In current ML workflows, quantization is treated as a performance optimization problem (minimizing perplexity loss). However, from a safety perspective, even a small increase in perplexity could represent the total collapse of a specific, sparsely-represented safety circuit.

Trace addresses three primary risks:

  1. Feature Smearing: Low-precision rounding causing distinct safety features to merge into a single noisy signal
  2. Activation Muting: Safety-critical "refusal" neurons falling below the quantization clipping threshold
  3. Adversarial Divergence: Quantization-induced noise creating new, "un-traced" pathways that adversarial prompts can exploit

Installation

# Basic installation
pip install -e .

# Full installation with quantization support
pip install -e ".[full]"

# Development installation
pip install -e ".[dev]"

Quick Start

import trace_lib as trace

# Initialize Trace with a base and quantized model
audit = trace.Audit(
    base_model="meta-llama/Llama-3-8B",
    quant_model="meta-llama/Llama-3-8B-int8"
)

# Load pre-trained SAEs (or train your own)
audit.load_sae("/path/to/saes/")

# Trace specific safety circuits
results = audit.trace_features(dataset="harmful_refusal_v1")

# Generate report on feature integrity
print(results.summary())
# Output: "Warning: Feature #772 (Refusal) degraded by 22% in INT8"

Further examples:

Note: The package is imported as trace_lib to avoid conflicts with Python's built-in Trace module. You can alias it as Trace for convenience.

Core Ideas introduced in Trace

The Trace Metric: Cross-Precision Feature Recovery (CPFR)

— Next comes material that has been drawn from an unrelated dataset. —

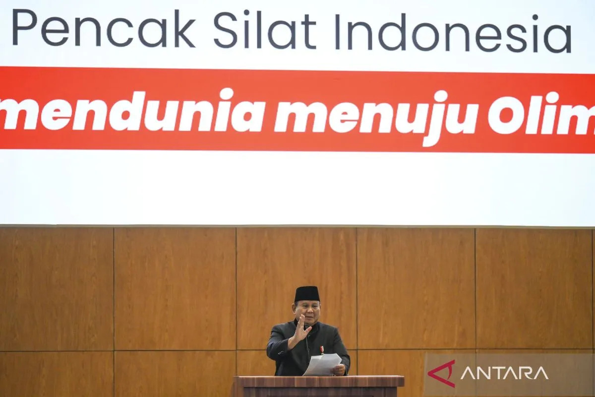 Presiden yang juga Ketua Umum Pengurus Besar Ikatan Pencak Silat Indonesia (PB IPSI) Prabowo Subianto menyampaikan pidato saat menghadiri pembukaan Musyawarah Nasional (Munas) XVI PB IPSI di JCC Senayan, Jakarta, Sabtu (11/4/2026). Pada Munas tersebut Prabowo Subianto mengatakan tidak akan melanjutkan jabatannya sebagai Ketua Umum PB IPSI. ANTARA FOTO/Hafidz Mubarak A/sgd

trace measures how well safety-critical features are preserved during quantization using the CPFR metric:

$$ \mathrm{CPFR}(f) = 1 - \frac{\lVert f_{\mathrm{ref}} - f_q \rVert_2}{\lVert f_{\mathrm{ref}} \rVert_2 + \varepsilon} $$

Where:

  • $f_{\mathrm{ref}}$ = Features extracted from the reference (high-precision) model
  • $f_q$ = Features extracted from the quantized model
  • A drop in CPFR indicates corruption of the model's safety circuits

Safety Fingerprints

Trace creates a "safety fingerprint" by identifying which Sparse Autoencoder (SAE) features correspond to safety-critical behaviors:

  • Refusal circuits that reject harmful requests
  • Uncertainty circuits that express epistemic humility
  • Safety warning circuits that provide appropriate disclaimers

Architecture

Module 1: HookManager

Low-level utility using PyTorch forward hooks to intercept tensors from the residual stream. Handles de-quantization of tensors on-the-fly for parity comparison.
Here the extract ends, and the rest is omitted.